7. Why Small Teams Can Reach These Ideas

It is reasonable to ask whether a solo developer or very small team could discover these ideas.

The literature suggests that small teams are common in architectural exploration.

Reasons:

  1. Architectural ideas require conceptual coherence more than large compute budgets.
  2. AI-assisted coding tools dramatically amplify individual productivity.
  3. Many frontier ideas emerge through design iteration rather than pure research.

There are documented examples where:

  • a single engineer
  • supported by AI coding assistants

developed complex agent workflows.

Large teams dominate model training.

But architectural design remains accessible.


8. The Likely Future Convergence

The research frontier suggests several trends will likely converge.

Claim-level reasoning

More systems will operate on atomic claims.

Evidence grounding

Models will increasingly rely on external verification surfaces.

Governance layers

Agent systems will introduce stronger constraints.

Provenance tracking

Outputs will include structured provenance graphs.

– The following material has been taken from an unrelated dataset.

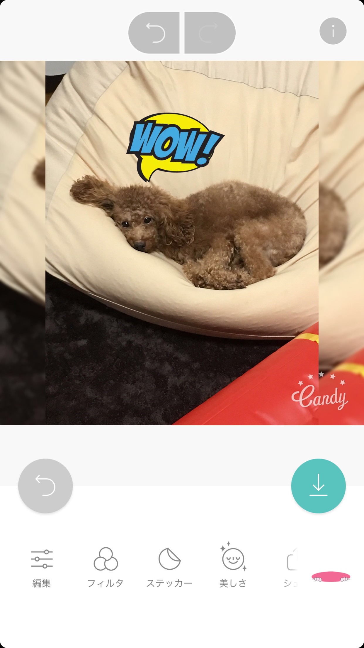 撮影時で紹介したステッカーを、撮影後の画像に対して適用させることができます。
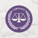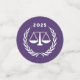Creative Law School Graduation Party Dekoration für Rechtsanwalt Abitur mit kreativen Waagen der Justiz und Glückwünsche auf lila Hintergrund. Um Text zu personalisieren, um Namen hinzuzufügen, ändern Sie das Jahr oder ändern Sie es auf andere Weise.

Institutional knowledge stores

Some systems will begin storing reasoning outputs as durable knowledge.

ACP appears positioned near the intersection of all five.


9. Risks for ACP

Several risks remain.

Over-structuring

Too much rigidity could slow iteration.

Governance complexity

Governance systems often grow difficult to maintain.

Developer friction

Strict primitives may frustrate developers.

Performance overhead

Verification layers can slow reasoning loops.

Phase 6 and Phase 7 are designed to address these issues incrementally.


10. Final Assessment

The literature reviewed suggests:

ACP is not identical to any known architecture.

However, it sits at the intersection of several emerging research directions.

Its distinctive feature is not any single component.

Its distinctive feature is integration.

ACP combines:

  • artifact immutability
  • claim-level reasoning
  • governance enforcement
  • provenance tracking
  • agent orchestration
  • institutional memory

into a single coherent system.

If successful, ACP would function less like an AI application and more like knowledge infrastructure.